Extract geometries and quantum chemical results from the datasets.
Evaluate ML models on existing datasets.
Compute new data using your own instance of QCArchive.
The demonstration is organized into three ML examples:
Unsupervised learning: use manifold learning to understand the structure of the QM7b, QM7b-T, and SN2 Reaction datasets.
Supervised learning: train a kernel model to predict atomization energies with the ANI-1 dataset, and test it on a COMP6 benchmark.
Dataset creation: Make a new dataset and compute DFT energy labels and neural network predictions.
Connect to the database¶
The Molecular Sciences Software Institute hosts the Quantum Chemistry Archive (QCArchive) and makes its data available to the entire Computational Molecular Sciences community free of charge.

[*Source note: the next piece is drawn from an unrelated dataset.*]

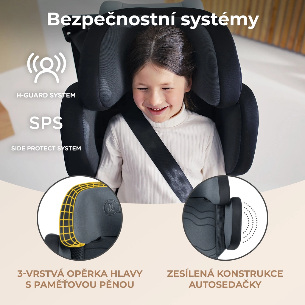 Zagłówek z technologią H-Guard ma trzy warstwy, w tym piankę memory dla lepszego pochłaniania energii, oraz aż 15 płynnych pozycji regulacji jedną ręką. Szerokie osłony boczne chronią głowę i ramiona, a wentylowane elementy tapicerki z siatki dbają o przyjemny klimat. Fotelik można regulować na wysokość i szerokość, a dla oszczędności miejsca łatwo go złożyć i przechować.

The QCArchive is both a database to view, analyze, and explore existing data as well as a live instance that continuously generates new data as directed by the community.
The primary interface to any QCArchive database is the the qcportal
Python package which can be downloaded via pip (pip install -e qcportal
) or conda (conda install qcportal -c conda-forge
).
(Documentation: http://docs.qcarchive.molssi.org/projects/QCPortal/en/stable/)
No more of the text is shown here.